Yes. This role may supervise Associate Scientist and/or Scientist

Additional Information

The annual rate of pay for this position ranges from  $129,500 - $197,500. For non-exempt roles, and according to applicable regulations, there may be the possibility for overtime pay. This role is eligible for the Company's discretionary bonus and discretionary equity incentives. Eligible employees may participate in the Company's benefits programs, including medical / dental / vision / prescription coverage, employee wellness resources, 401(k) plan with employer match, access to an Employee Stock Purchase Plan, (ESPP), paid time off & paid parental leave benefits, and disability benefits.

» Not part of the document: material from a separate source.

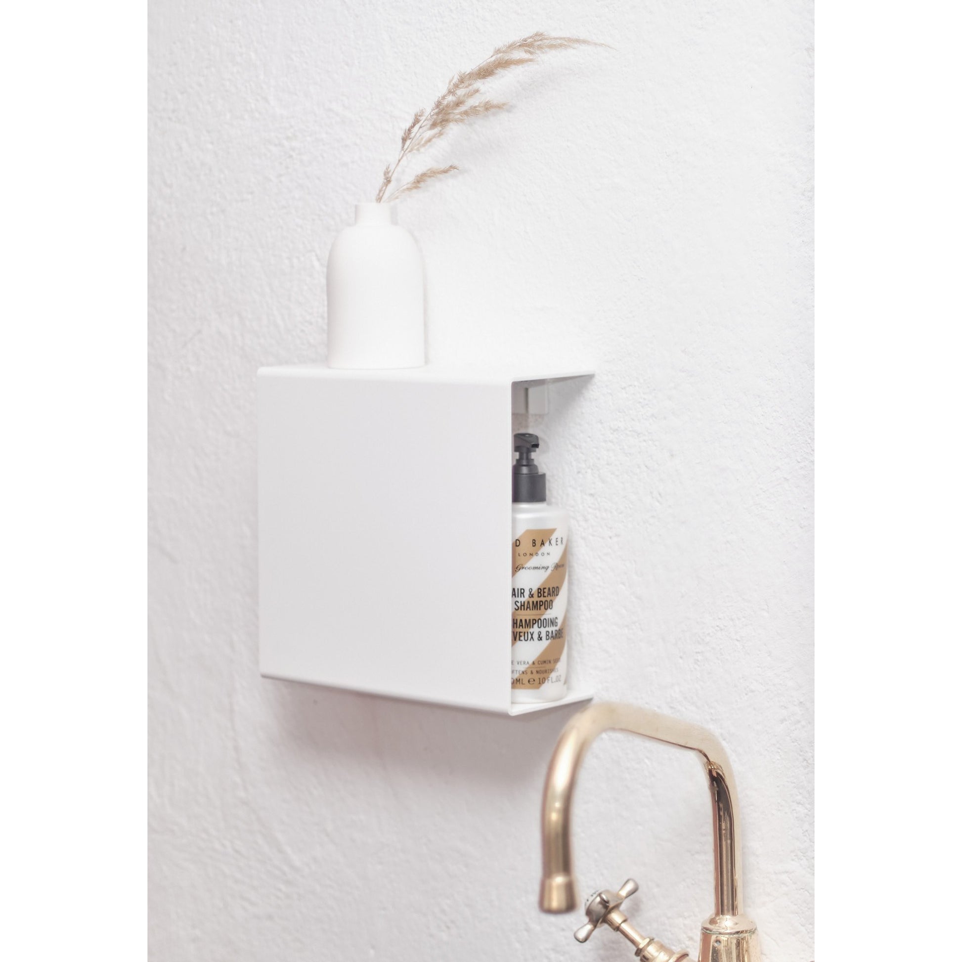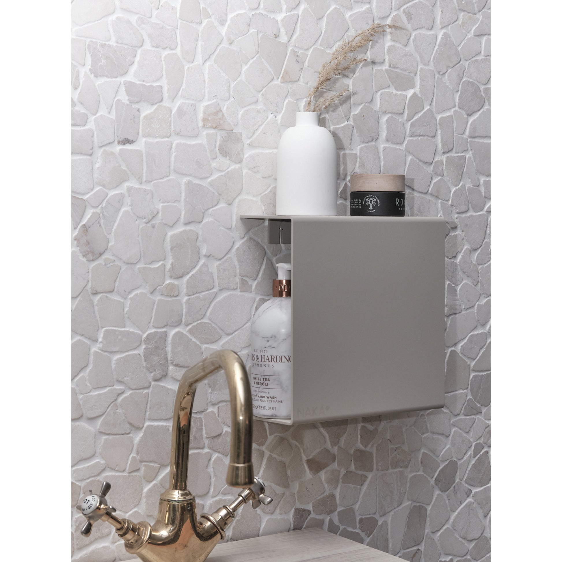 NAKA® étagère en aluminium peint. Convient bien, par exemple, comme étagère à shampooings dans une salle de bains.Montage facile et autofixant sans vis ruban adhésif.

The annual pay rate range is described in good faith, and the Company believes is the range of possible compensation for this role at the time of this posting depending on the candidate's experience, qualifications, geographic location, and other factors permitted by law. The Company may ultimately pay more or less than the posted range, and this range may be modified in the future. No amount is considered to be wages or compensation until such amount is earned, vested, and determinable under the terms and conditions of the applicable policies and plans. The amount and availability of any bonus, commission, benefits, or any other form of compensation and benefits that are allocable to a particular employee remains in the Company's sole discretion unless and until paid and may be modified at the Company's sole discretion, consistent with the law.

Statement

MacroGenics is proud to be an equal opportunity employer. Employment selection and related decisions are made without regard to race, color, national origin, sex, gender identity, sexual orientation, religion, age, disability, protected veteran status, or any other characteristic protected by federal, state or local law. We are committed to working with and providing reasonable accommodation to individuals with disabilities. If, because of a medical condition or disability, you need a reasonable accommodation for any part of the employment process, please email or call and/or 711 for TTD/TTY service. 

Equal Opportunity Employer/Veterans/Disabled

We do not accept non-solicited resumes or candidate submittals from search/recruiting agencies.